▸ **Data extract**

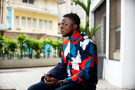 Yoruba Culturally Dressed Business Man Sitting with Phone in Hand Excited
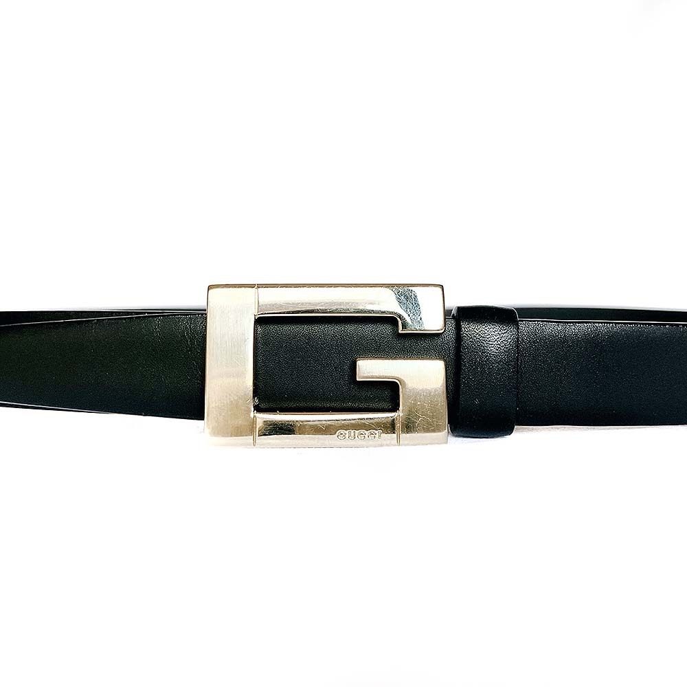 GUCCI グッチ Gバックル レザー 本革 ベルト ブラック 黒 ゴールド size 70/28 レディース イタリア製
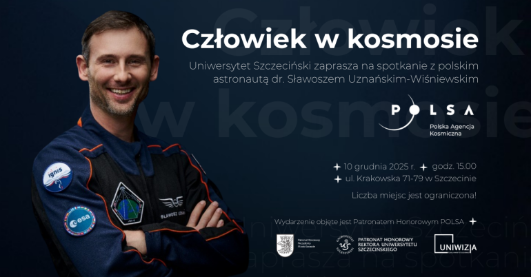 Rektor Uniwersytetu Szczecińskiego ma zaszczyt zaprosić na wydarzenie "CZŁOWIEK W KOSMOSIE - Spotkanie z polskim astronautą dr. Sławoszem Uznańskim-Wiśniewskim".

▸ **Task goal**
Beginning at the line containing "GUCCI グッチ Gバックル", restate every line through the end of the material above exactly; omit the pictures.

▸ **Task response**
 GUCCI グッチ Gバックル レザー 本革 ベルト ブラック 黒 ゴールド size 70/28 レディース イタリア製
 Rektor Uniwersytetu Szczecińskiego ma zaszczyt zaprosić na wydarzenie "CZŁOWIEK W KOSMOSIE - Spotkanie z polskim astronautą dr. Sławoszem Uznańskim-Wiśniewskim".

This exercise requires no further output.